RECORDS SUPPLIED:
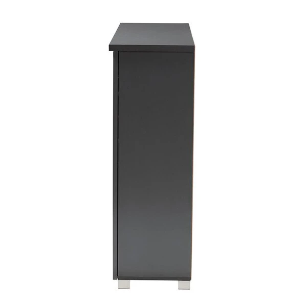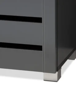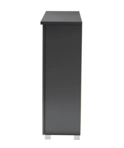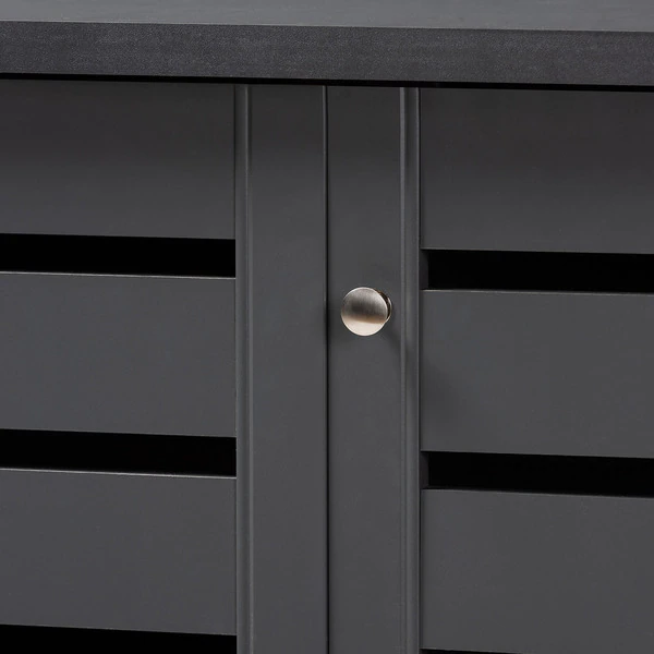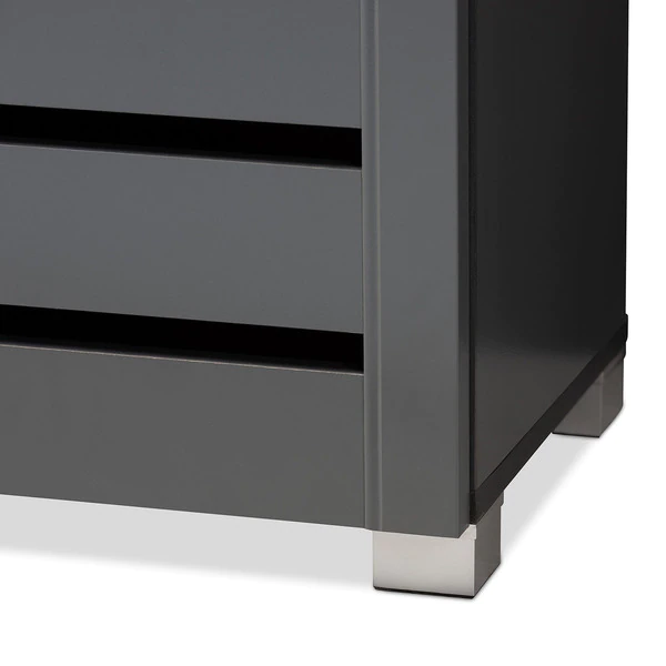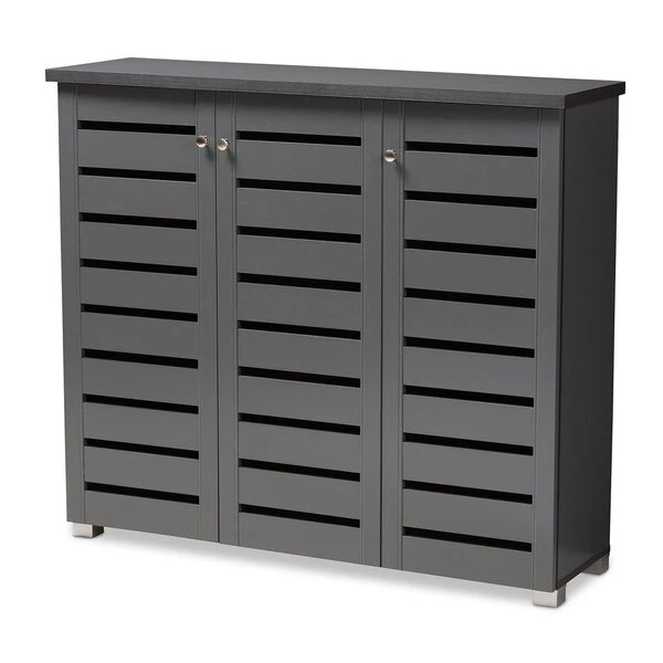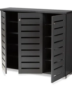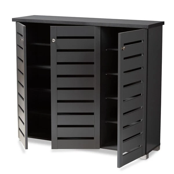 Shoe organization is made easy with the Adalwin cabinet. Featuring a stylish contemporary design and dark grey finish, the Adalwin is easy to coordinate with any style of decor. Three doors conceal eight fixed shelves with storage space for up to 20 pairs of shoes. The doors feature open slats to enable air circulation and prevent mold growth on your shoes. The Adalwin cabinet requires assembly.
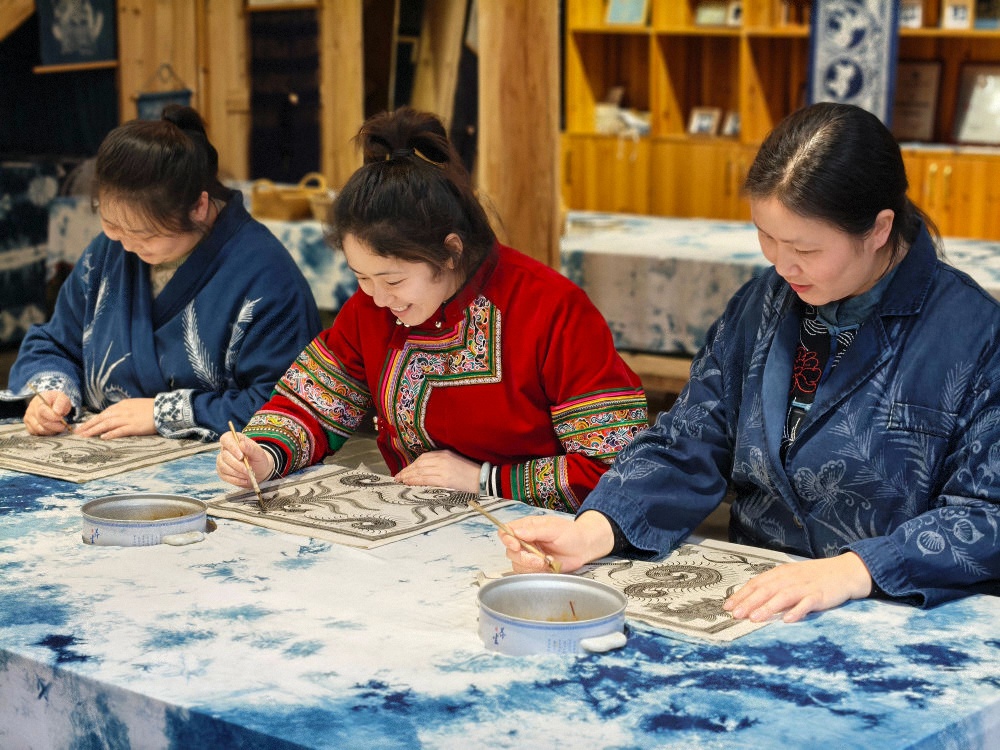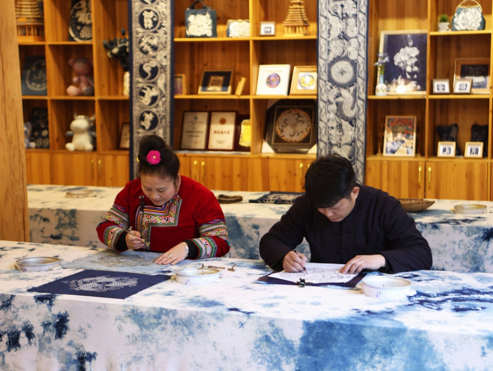 2025年3月14日,村民在肇兴侗寨内制作蜡染。近年来,当地加大对少数民族非遗文创产品的研发和创新力度,同时进一步加强线上销售,通过微信、网上直播、网店等方式进行带货,让当地群众通过指尖增收致富。
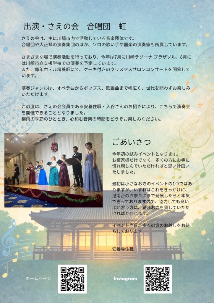 合唱団の皆さまをお招きし、美しい歌声を本堂に響かせていただきます。
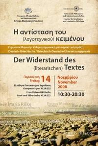 Das Institut für Griechische und Lateinische Philologie der Freien Universität Berlin, Professur Neogräzistik, und das Zentrum für die Griechische Sprache (ZGS) laden Sie herzlich ein am Freitag, den 14. November 2008 zur Tagung Der Widerstand des (literarischen) Textes: Deutsch-Griechische / Griechisch-Deutsche Übersetzungspraxis.
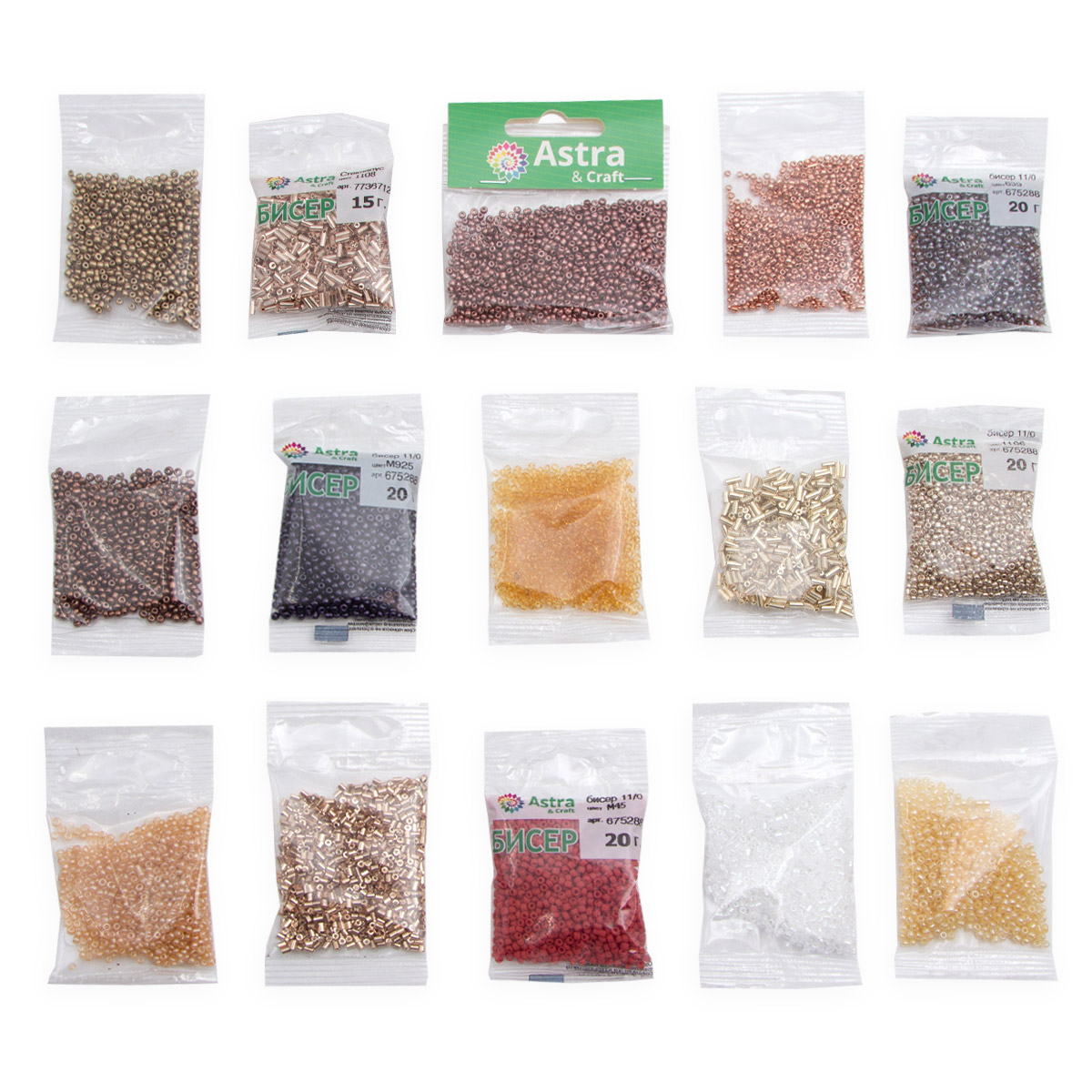 Набор №2 бисера, стекляруса, рубки 15 цв. 200 гр (10 цв. по 10 гр + 5 цв. по 20 гр), Astra&Craft
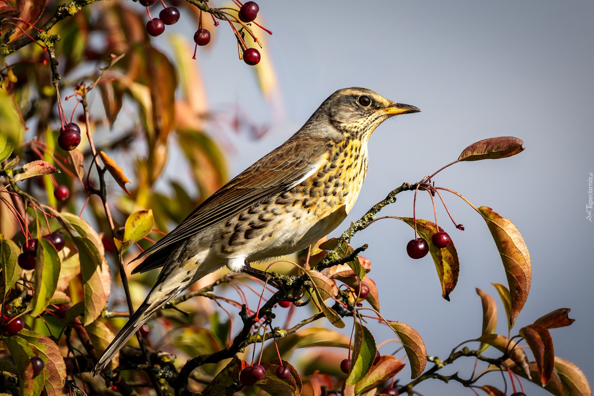 Edytor tapety: Kwiczoł na gałązce z owocami i jesiennymi liśćmi
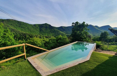 Mas La Costa is a rural house with capacity up to 16 people located in the middle of the Natural Park of the Volcanic Zone of La Garrotxa. The house is located in the top of a small hill with spectacular views of La Fageda d'en Jordà, the Eastern Pyrenees and the Serra del Corb.
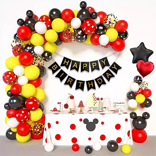 SeeMiki-Hiire õhupallipärga kaaron saadaval peamiselt roosa ja punase seeriana, shlateksist õhupallid, fooliumist õhupallid, sünnipäevapaberist bännerid, fooliumkardinad ja muud aksessuaarid. Kõik selle paketi tarvikud on kvaliteetsed.
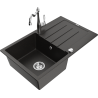 Mexen Bruno zlewozmywak granitowy 1-komorowy z ociekaczem i baterią kuchenną Carla, czarny nakrapiany - 6513-76-670700-76
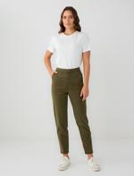 Haki Yandan Cepli Yüksek Bel Normal Paça Dokuma Pantolon
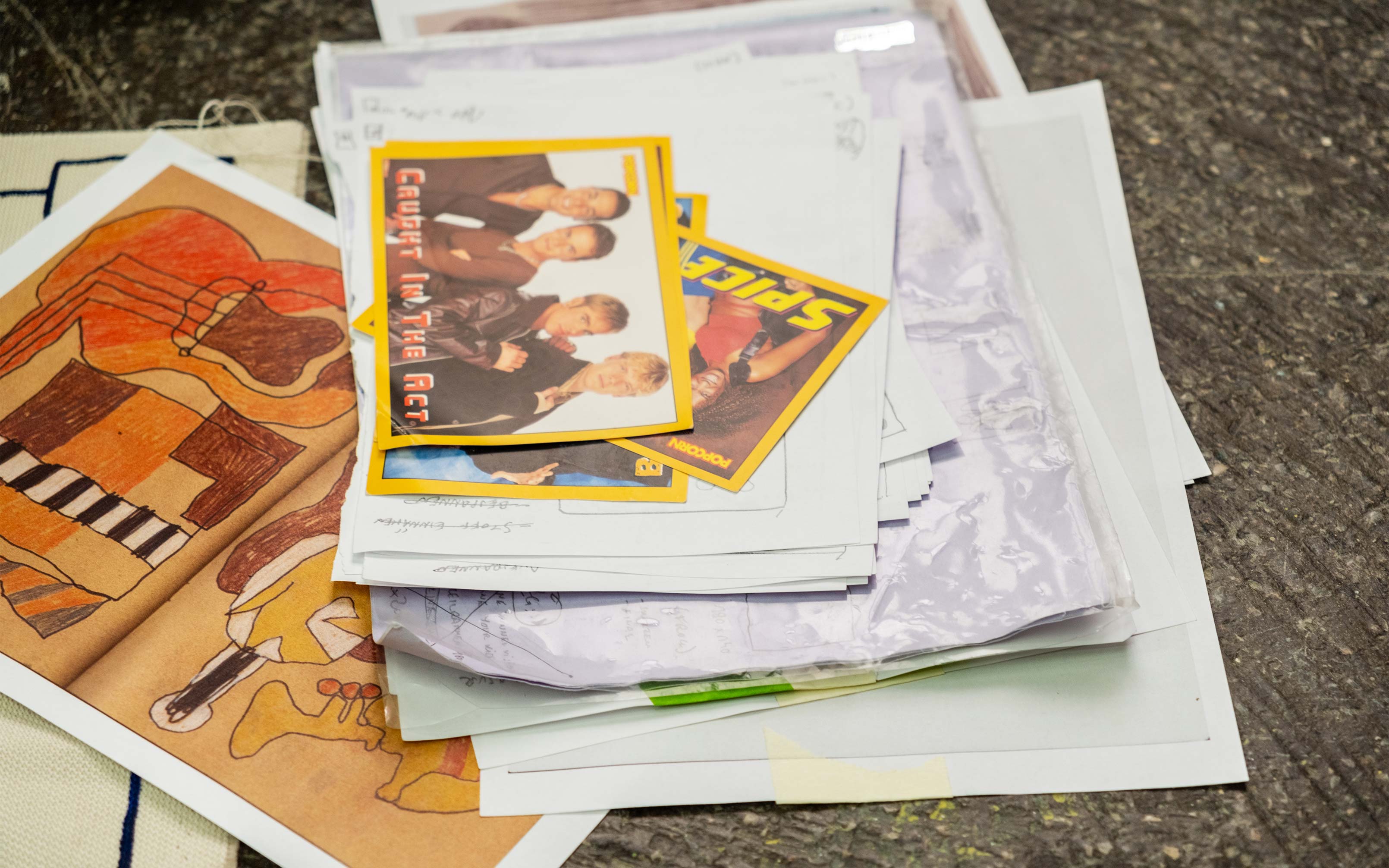 I collect mainly books, fabrics, and lots of pictures. For instance, this old card with the Spice Girls, which you are looking at right now - it comes from a magazine, which I found on the street during a house clearing. And the fabric which you are sitting on right now comes from an old, abandoned church.
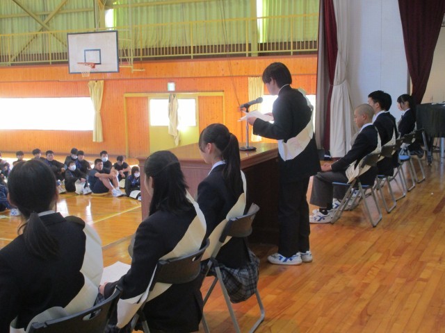 終業式では、各学年の生徒代表から、2学期にがんばったことや挑戦したことが発表されました。校長先生からは、2学期を振り返った上でうまくいかなかったことがあったとしても、それも次に生かせばよいので最後には○にしてあげましょうという話がありました。また、生徒指導主事から冬休みの生活のためのアドバイスもありました。
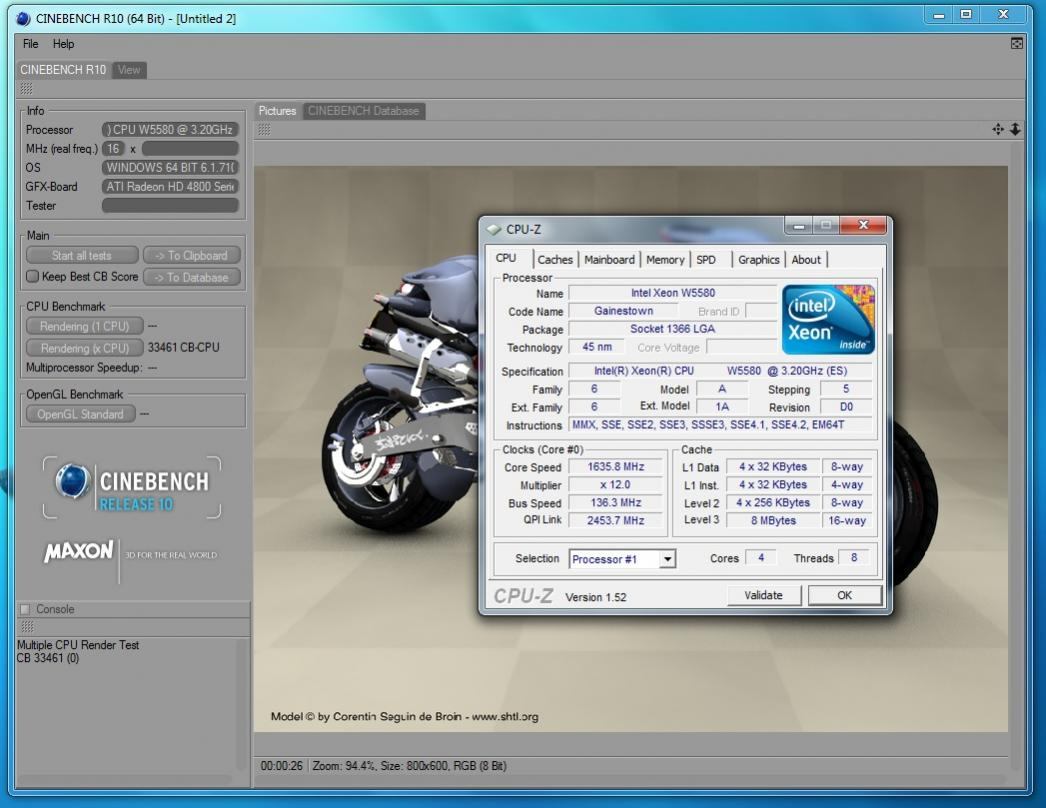 arch3990 | 29.390 | 4.142 | 7.10 | 8 + 8 SMT | 45nm | 2 x L2-Cache: 4x 256kB L3-Cache: 8MB (Gainestown) | 2x Xeon X5560 ES | 2800MHz @ 3066MHz (Turbo) | 1,18V / 1.18V | 23 x 133 MHz (QPI 3200MHz) | 6 x 1024MByte | DDR3 @ 1333 CL8 | Quadro FX 570 | Win XP x64 SP2 | Luft
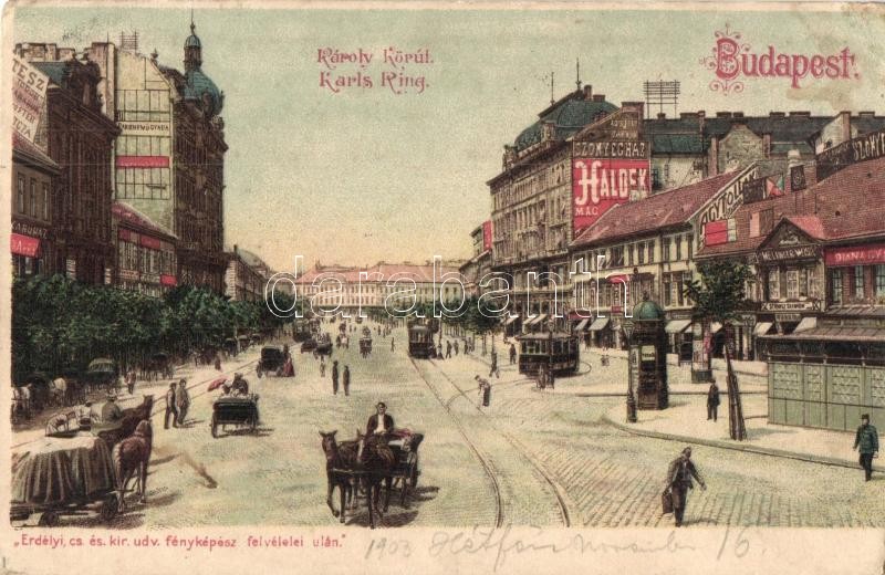 Budapest V. Károly körút, villamosok, Haldek szőnyegház, Wellinger és Weiss, Strausz üzletei, Erdélyi felvételei után, litho (kis szakadás / small tear)

WORK TASK: The lines to reproduce run from the one above containing "Набор №2 бисера, стекляруса, рубки" through the one containing "Edytor tapety: Kwiczoł". Copy them exactly and leave out all pictures.

SOLUTION TO THIS EXERCISE:
 Набор №2 бисера, стекляруса, рубки 15 цв. 200 гр (10 цв. по 10 гр + 5 цв. по 20 гр), Astra&Craft
 Edytor tapety: Kwiczoł na gałązce z owocami i jesiennymi liśćmi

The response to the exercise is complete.